◆ TASK STATEMENT ◆
Begin your transcription at the line containing "Шлепанцы женские плиссированные" and continue it, word for word, to the final line below. Include only those lines and skip the pictures.

◆ RECORDED DATA ◆
________________________________________
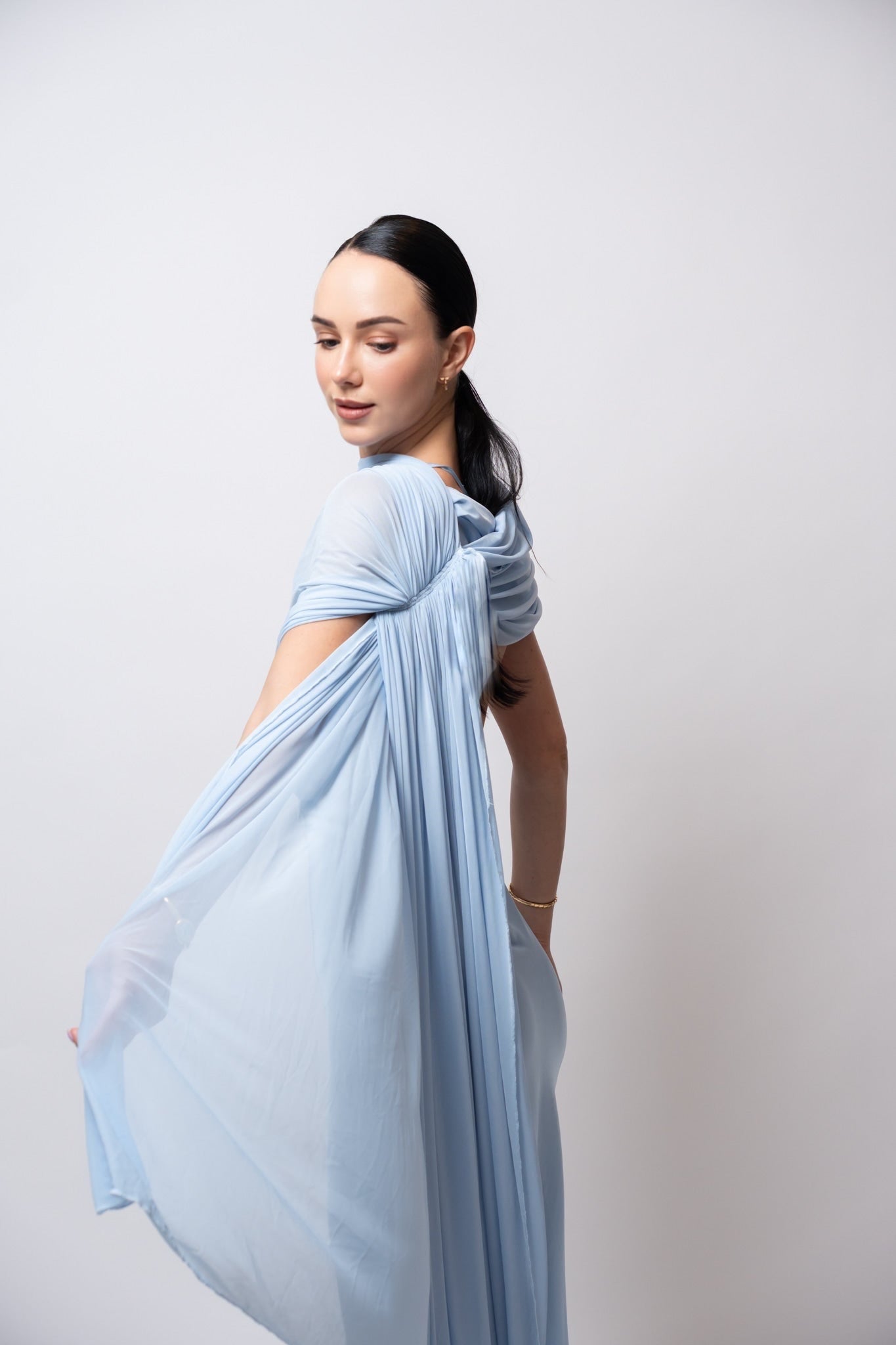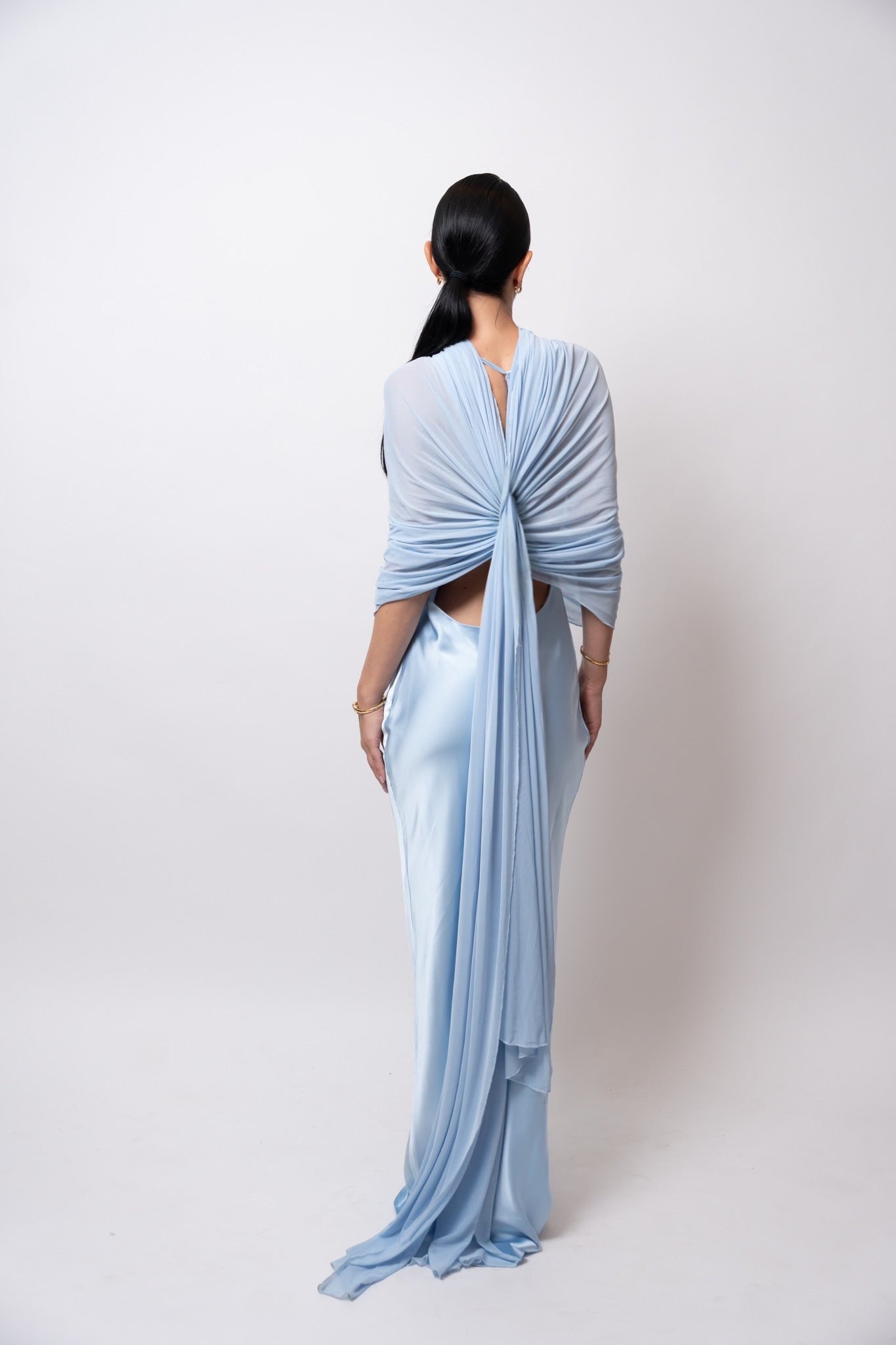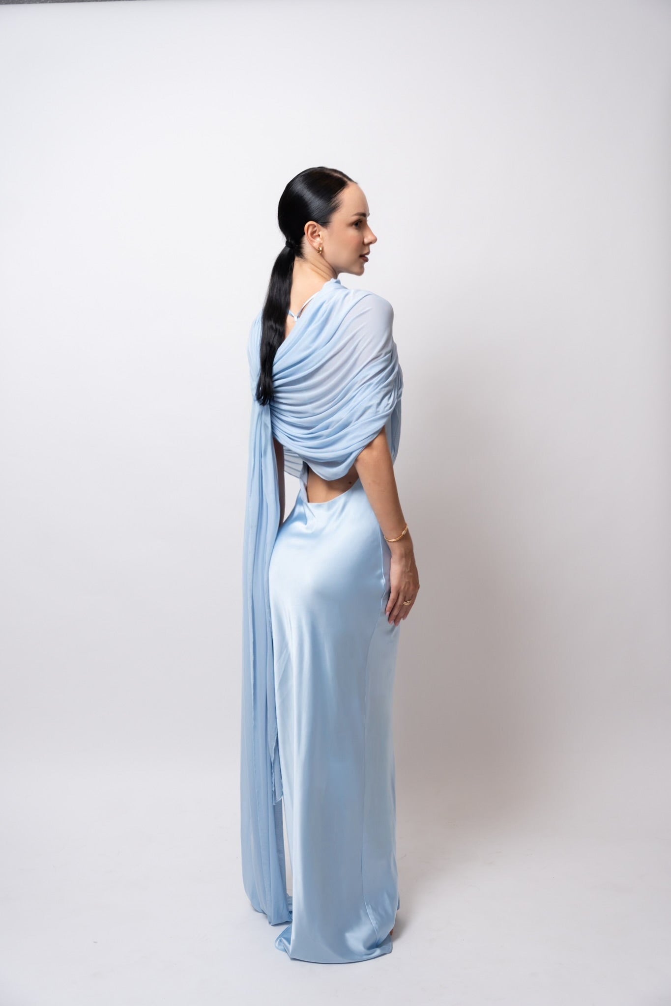 El tejido cae con suavidad gracias al drapeado fluido, aportando movimiento y elegancia al caminar. Este vestido se adapta perfectamente al cuerpo, brindando comodidad sin sacrificar estilo.
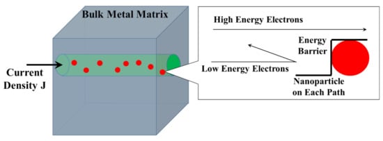 Figure 3 presents a schematic of the electrons pathway inside a metal matrix nanocomposite. The topographical impedance on the current density pathway will block the transport of electrons, as shown in Figure 3. At the macroscopic level, (~0.23505 uOhm–cm in our case) will be greater than (~0.00797 uOhm–cm in our case) (especially when ). This is because the nanoparticles’ interaction with the matrix is negligible (both physically, such as the Gibbs free energy change, the interfacial energy change, and the phase transition energy, and chemically, such as the chemical reactions and the electronic structure’s tuning) [40]. As a result, the nanoparticle phase will play a dominant role in the electrical conductivity of the nanocomposite. Furthermore, the valences of the electrons are different in the metal Al and the ceramic TiB2, which leads to deviation from the approximate linearity of the electrical resistivity associated with for the electrical conductivity and nanoparticles volume fraction, as shown in Figure 3.
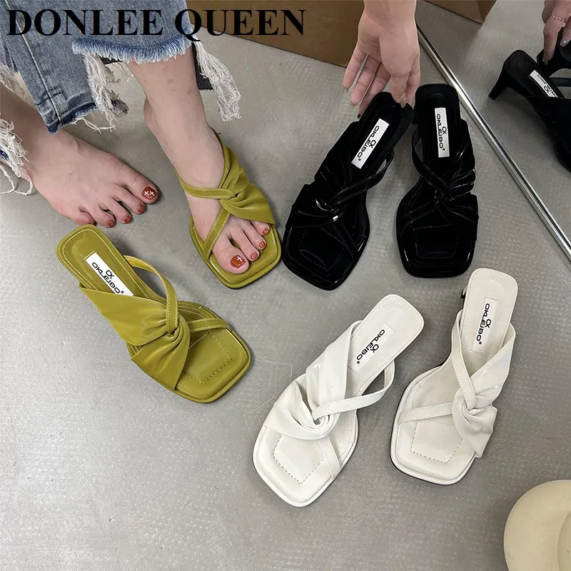 Шлепанцы женские плиссированные на Высоком толстом каблуке, сланцы, элегантные сандалии, модная Уличная обувь, 2022
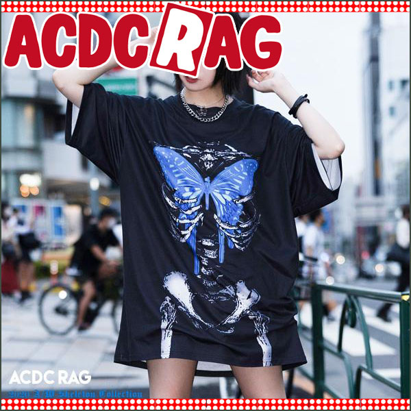 ACDC RAG エーシーディーシーラグ タレバタフライ ヒュージT Tシャツ 半袖 パンク ロック V系 ファッション バンギャ 原宿系 原宿 韓国 ブルー 病みかわいい
________________________________________
◆ COMPLETED EXERCISE ◆
 Шлепанцы женские плиссированные на Высоком толстом каблуке, сланцы, элегантные сандалии, модная Уличная обувь, 2022
 ACDC RAG エーシーディーシーラグ タレバタフライ ヒュージT Tシャツ 半袖 パンク ロック V系 ファッション バンギャ 原宿系 原宿 韓国 ブルー 病みかわいい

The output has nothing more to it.